Staphylococcus aureus cell wall maintenance - the multifaceted roles of peptidoglycan hydrolases in bacterial growth, fitness, and virulence

Abstract

Staphylococcus aureus is an important human and livestock pathogen that is well-protected against environmental insults by a thick cell wall. Accordingly, the wall is a major target of present-day antimicrobial therapy. Unfortunately, S. aureus has mastered the art of antimicrobial resistance, as underscored by the global spread of methicillin-resistant S. aureus (MRSA). The major cell wall component is peptidoglycan. Importantly, the peptidoglycan network is not only vital for cell wall function, but it also represents a bacterial Achilles' heel. In particular, this network is continuously opened by no less than 18 different peptidoglycan hydrolases (PGHs) encoded by the S. aureus core genome, which facilitate bacterial growth and division. This focuses attention on the specific functions executed by these enzymes, their subcellular localization, their control at the transcriptional and post-transcriptional levels, their contributions to staphylococcal virulence and their overall importance in bacterial homeostasis. As highlighted in the present review, our understanding of the different aspects of PGH function in S. aureus has been substantially increased over recent years. This is important because it opens up new possibilities to exploit PGHs as innovative targets for next-generation antimicrobials, passive or active immunization strategies, or even to engineer them into effective antimicrobial agents.

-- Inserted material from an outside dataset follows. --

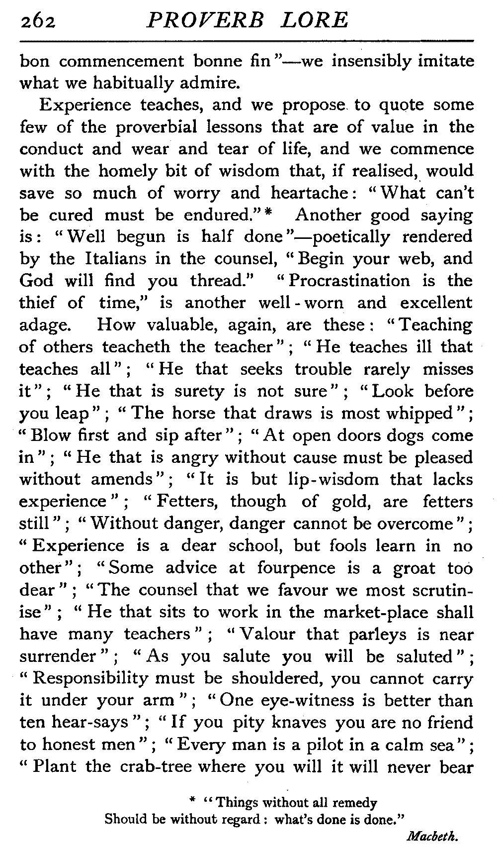 The word proverb is Greek in its inception, and means, literally, a wayside saying. Adage, a fairly equivalent word, is also of Greek birth. The reference in "Macbeth" will at once be recalled—

Keywords: Staphylococcus aureus; antimicrobial susceptibility; cell wall; pathogenesis; peptidoglycan hydrolase; subcellular protein localization.

Figure 1.

Different stages in the cell cycle of Staphylococcus aureus as visualized by transmission electron microscopy. During the initial phase of the cell cycle (stage 1), a spherical S. aureus mother cell will become slightly enlarged and forms a septum at the mid-cell position (stage 2). Once the synthesis of the septum is complete and the cell is further enlarged (stage3), bacterial autolytic enzymes will promote cell division, resulting in two daughter cells (stage 1). After cell separation, the septum of the daughter cells is reshaped from a flat surface into a hemisphere. Images were recorded by transmission electron microscopy. The magnification is indicated by scale bars (1 μm).

Figure 2.

Schematic representation of the S. aureus cell envelope structure. The S. aureus cell envelope is composed of a cytoplasmic membrane that is surrounded by a thick layer of peptidoglycan. For peptidoglycan synthesis (left), Lipid II units carrying disaccharides are synthesized in the cytoplasm (Step 1) and exported across the cytoplasmic membrane by a flippase (MurJ) (Step 2). Subsequently, transglycosylases (TG) insert the disaccharides into a new glycan strand (Step 3). The stem peptides of the glycan strands are then cross-linked by transpeptidases (TP) to the existing peptidoglycan matrix (Step 4). Peptidoglycan hydrolysis (right) occurs due to the action of peptidoglycan hydrolases which are classified as glycosidases (glucosaminidase and muramidase), amidases or endopeptidases. The specificity of the cleavage sites of these PGH's of S. aureus are indicated by arrows.

Figure 3.

Modular structure of S. aureus peptidoglycan hydrolases. S. aureus peptidoglycan hydrolases have a modular structure. The different domains that make up these enzymes include catalytic domains, such as the amidase, glucosaminidase, CHAP, M23 peptidase and/or lytic transglycosylase domains. In addition, peptidoglycan hydrolases contain signal peptides, transmembrane domains and/or cell wall binding domains (e.g. LysM, GW) for subcellular localization.

Figure 4.

Physiological roles of S. aureus peptidoglycan hydrolases. Peptidoglycan hydrolases play different essential roles during bacterial growth and division. PGHs are involved in the entire cell cycle including cell enlargement (i), cell enlargement during septum formation (ii), daughter cell separation upon cell division (iii), and remodelling of the peptidoglycan network after daughter cell separation (iv). In addition, peptidoglycan hydrolases serve in peptidoglycan turnover (v) and they modulate cell wall passage of cell surface-located proteins (vi).

Figure 5.

Peptidoglycan hydrolase gene regulation by different transcriptional regulators. The Figure provides an overview of PGH-encoding genes of S. aureus and translational regulators that are known to modulate the PGH gene expression. Up-regulation or down-regulation by particular gene regulators are indicated in pink or olive green, respectively.